Livres des Lumières
1Voici le premier volume d’un ensemble qui, une fois achevé, occupera une place de choix dans les grandes bibliothèques, chez les meilleurs libraires d’ancien, voire sur les rayonnages de tous ceux qui s’intéressent à la « presse » au Siècle des Lumières. La périodisation retenue ne s’est pas embarrassée de considérations inutiles : les dépouillements courent de la première année du XVIIIe siècle à la Révolution, qui jeta à bas l’édifice de la librairie d’Ancien Régime et aboutit à une décomposition – recomposition du paysage éditorial. De manière paradoxale, la physionomie du monde du livre, en ce XVIIIe siècle si épris de libertés diverses, était le résultat de la centralisation énergique et de la surveillance autoritaire imposées par Louis XIV. Le Roi-Soleil ne pouvait naturellement pas admettre l’insolente liberté qui avait caractérisé le règne de son grand-père Henri IV, et que son propre père, Louis XIII, avait déjà commencé de brider. Il n’était plus question de pouvoir imprimer un peu partout sur le territoire des libelles subversifs ou des tracts diffamatoires, et ce qui valait pour la province s’appliquait avec autant (voire davantage) de rigueur à Paris, théâtre de cette Fronde qui avait tant heurté le jeune monarque. Aucun groupe professionnel ne fut autant encadré, surveillé, réglementé, que celui des activités liées à l’édition (ce qui constitue en même temps une forme d’hommage rendu au caractère potentiellement subversif de la littérature). Revers de la médaille : la police et la justice produisaient et produisent toujours ce que le moment présent qualifie de paperasse et que l’avenir appelle des archives. Nous possédons dans les fonds manuscrits de la Bibliothèque nationale de France (dossiers du commissaire Nicolas de La Mare, registres de la chambre syndicale de la librairie), de la Bibliothèque de l’Arsenal (archives de la Bastille) et parmi les dépôts des Archives nationales, des sources documentaires très étendues, qui ont été mises à profit dans le présent ouvrage.
2Ce premier volume, qui ne couvre que trois lettres de l’alphabet, donne déjà à lire un demi millier de notices. Les acteurs légaux sont connus par le cours naturel de leur activité ; ceux qui œuvraient dans la clandestinité ne le sont que par accident (souvent malheureux). L’originalité et l’intérêt de ce grand travail tiennent à ce que, auteurs et lecteurs exceptés, toute la chaîne de production d’un livre est prise en considération : imprimeurs, libraires ayant pignon sur rue, mais également relieurs et colporteurs. Chaque notice est bâtie selon un modèle simple, rationnel, qui permet d’aller à l’essentiel : 1°) données familiales et état civil - 2°) activités professionnelles - 3°) environnement social, fortune - 4°) références - 5°) notes. Certaines notices, consacrées à d’humbles comparses qui n’ont fait qu’effleurer la surface du monde, sont peu fournies ; d’autres, qui couvrent plusieurs pages, envisagent des dynasties entières (comme les Ballard ou les Barbou) ; le personnage le plus connu de ce premier volume étant, à n’en pas douter, Beaumarchais.

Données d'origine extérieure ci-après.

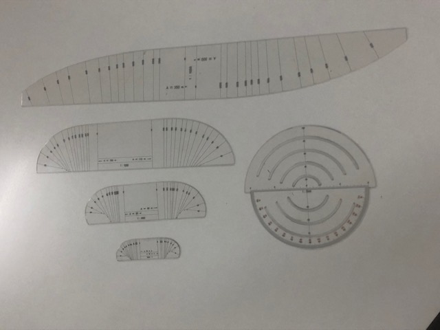 Some of the instruments from the case – the large one on top is for A = 300m and 350m (scale 1:1000)
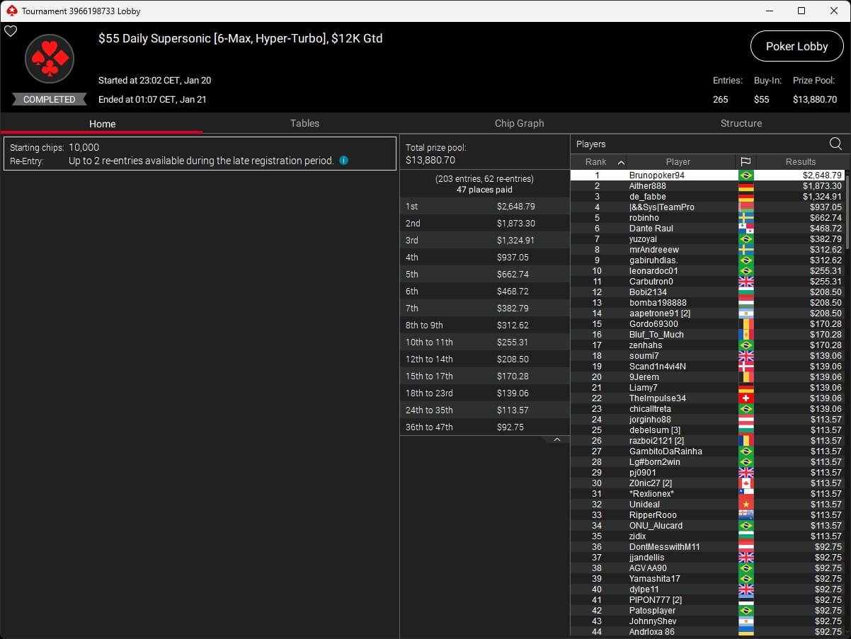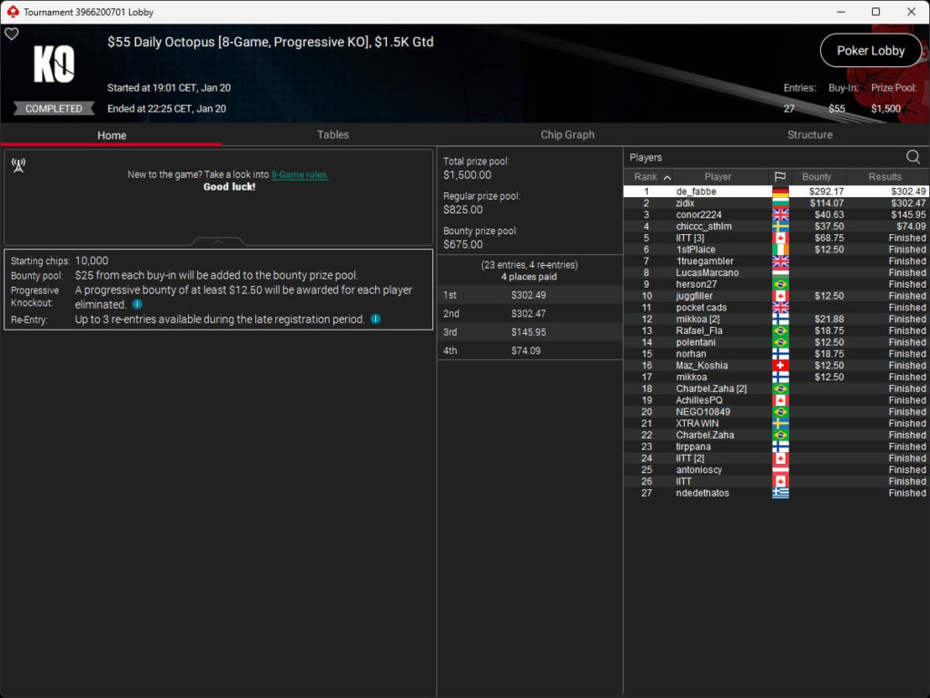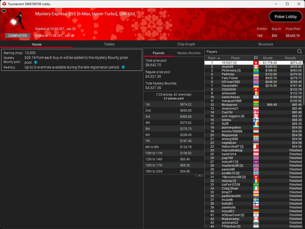 Bei den regulären MTTs auf PokerStars waren die Spieler aus unseren Breitengraden ebenfalls erfolgreich. So gehörten 161021 ($874,22 + $1.778,40; $55 Mystery Express) und de_fabbe ($302,49 + $292,17; $55 Daily Octopus) zu den Siegern.

3Le travail accompli par les maîtres d’ouvrage et leurs collaborateurs est considérable et digne de toutes les louanges. Il n’en demeure pas moins qu’une équipe de savants, si énergique et entreprenante soit-elle, ne peut tout lire et tout faire. Il y aurait des investigations très étendues à mener dans les correspondances du temps, conservées à Paris, en province ou à l’étranger. La mieux connue et l’une des mieux publiées, celle de Voltaire, fourmille d’allusions (souvent aigres) aux libraires amenés à travailler avec l’infatigable écrivain. Mais il en est d’autres. Montesquieu se moquait finement de Jean Anisson (Lettres persanes, CXLIII) et de sa spécialisation dans la vente d’ouvrages de piété. L’on dira pour finir avec quelle impatience on attend la suite de cette entreprise remarquable, appelée à rendre (et pour longtemps) les plus grands services.